Hadoop Streaming

By default, the MapReduce framework is written in the Java programming language. While it primarily supports programs written in Java, Hadoop also provides an API that allows writing MapReduce programs in languages other than Java.

Hadoop Streaming is a utility included with the Hadoop distribution that enables users to write MapReduce programs in various programming and scripting languages. Supported languages include Python, PHP, Ruby, Perl, and Bash, among others.

Working: -

  • The Streaming utility will create a MapReduce job, submit it to the appropriate cluster, and monitor the progress until the job is completed.
  • When a script is specified for the mappers, each mapper task launches the script as a separate process during its initialization. Each mapper task converts its input into lines and feeds the converted lines to the standard input (stdin) of the process.
  • The mapper gathers the line-oriented outputs from the standard output (STDOUT) of the process and transforms each line into a key/value pair. This key/value pair serves as the output of the mapper. By default, the prefix of each line, up to the first tab character, is considered the key, while the remainder of the line is treated as the value.
  • If a line does not contain a tab character, the entire line is treated as the key, and the value is set to null. The key-value pairs can be customized according to specific requirements. These mapper output key-value pairs are then passed to the reducer tasks.
  • Each reducer task will launch the script as a separate process, after which the reducer is initialized. While the reducer task is running, it converts input key/value pairs into lines and sends those lines to the standard input (STDIN) of the process.
  • Each reducer task processes its input key/value pairs into lines and converts them into tab-separated key-value pairs. The output of the Reducer represents the final output of the MapReduce job.

Important Commands -

ParametersRequired/OptionalDescription
-input directory/file-nameRequiredInput location for mapper.
-output directory-nameRequiredOutput location for reducer.
-mapper executable or script or JavaClassNameRequiredMapper executable.
-reducer executable or script or JavaClassNameRequiredReducer executable.
-file file-nameOptionalMakes the mapper, reducer or combiner executable available locally on the compute nodes.
-inputformat JavaClassNameOptionalIf specified, it should return key, value pairs of Text class.

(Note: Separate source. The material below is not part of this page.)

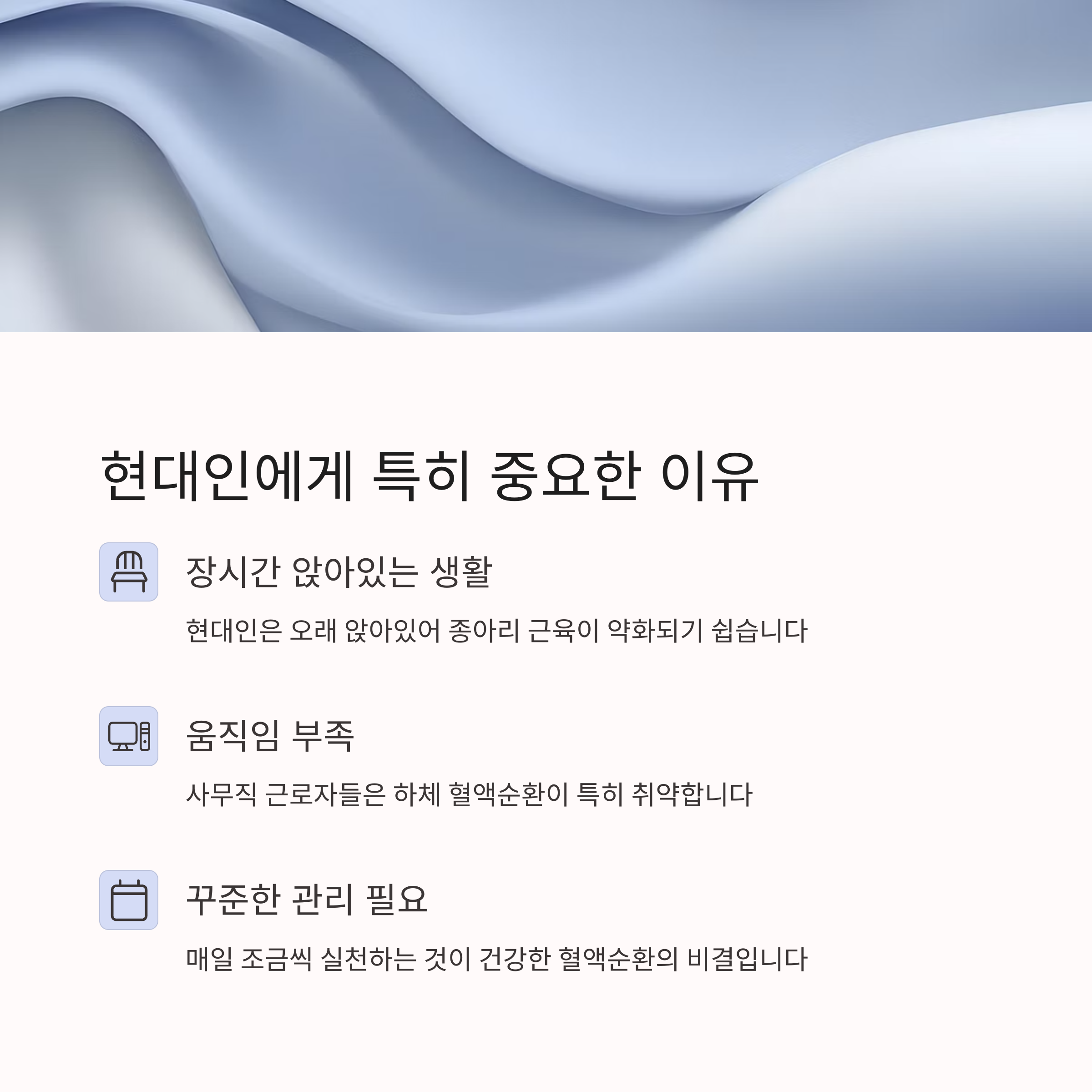 종아리 근육이라는 "제2의 심장"을 활성화함으로써, 전신 혈액순환과 하체 건강을 동시에 향상시킬 수 있습니다.
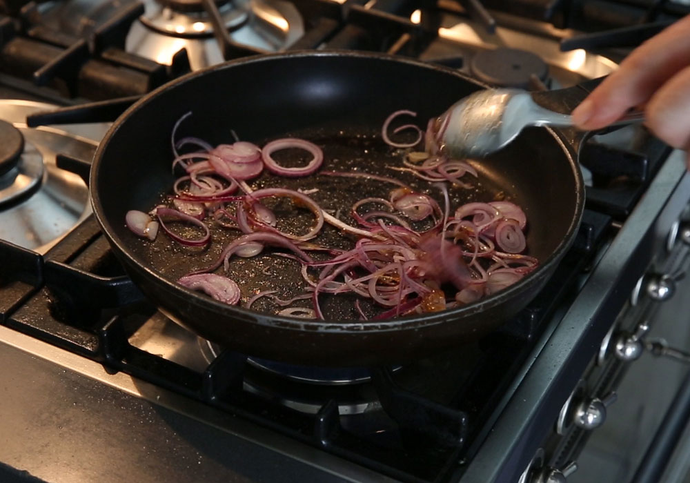 Nel frattempo, affettiamo le cipolle rosse a fettine sottili. Le facciamo caramellare con zucchero di canna, olio e un pizzico di sale finchè caramellate.

If not specified TextInputFormat is used as the default.
-outputformat JavaClassNameOptionalIf specified, it should take key, value pairs of Text class. If not specified TextOutputformat is used as the default.
-partitioner JavaClassNameOptionalClass that specifies the reduce a key that is sent to.
-combiner streaming Command or JavaClassNameOptionalCombiner executable for map output.
-inputreaderOptionalSpecifies a record reader class instead of an input format class.
-verboseOptionalVerbose output.
-lazyOutputOptionalCreates output lazily.
-numReduceTasksOptionalSpecifies the number of reducers.
-mapdebugOptionalScript to call when map task fails.
-reducedebugOptionalScript to call when reduction makes the task failure
-cmdenv name=valueOptionalPasses the environment variable to streaming commands.

Example Using Python -

The following example describes the word count program in Python, including the mapper phase and reducer phase code -

Mapper Phase code: -

!/usr/bin/env python
import sys
 
#--- get all lines from stdin ---
for line in sys.stdin:
    #--- remove leading and trailing whitespace---
    line = line.strip()

    #--- split the line into words ---
    words = line.split()

    #--- output tuples [word, 1] in tab-delimited format---
    for word in words: 
        print '%s\t%s' % (word, "1")

Make sure the above program executing with the permission:

chmod +x /Hadoop_path/mapper.py

Reducer Phase code: -

#!/usr/bin/env python
import sys
# maps words to their counts
word2count = {} 
# input comes from STDIN
for line in sys.stdin:
    # remove leading and trailing whitespace
    line = line.strip()
 
    # parse the input we got from mapper.py
    word, count = line.split('\t', 1)
    # convert count (currently a string) to int
    try:
        count = int(count)
    except ValueError:
        continue

    try:
        word2count[word] = word2count[word]+count
    except:
        word2count[word] = count
 
# write the tuples to stdout
# Note: they are unsorted
for word in word2count.keys():
    print '%s\t%s'% ( word, word2count[word] )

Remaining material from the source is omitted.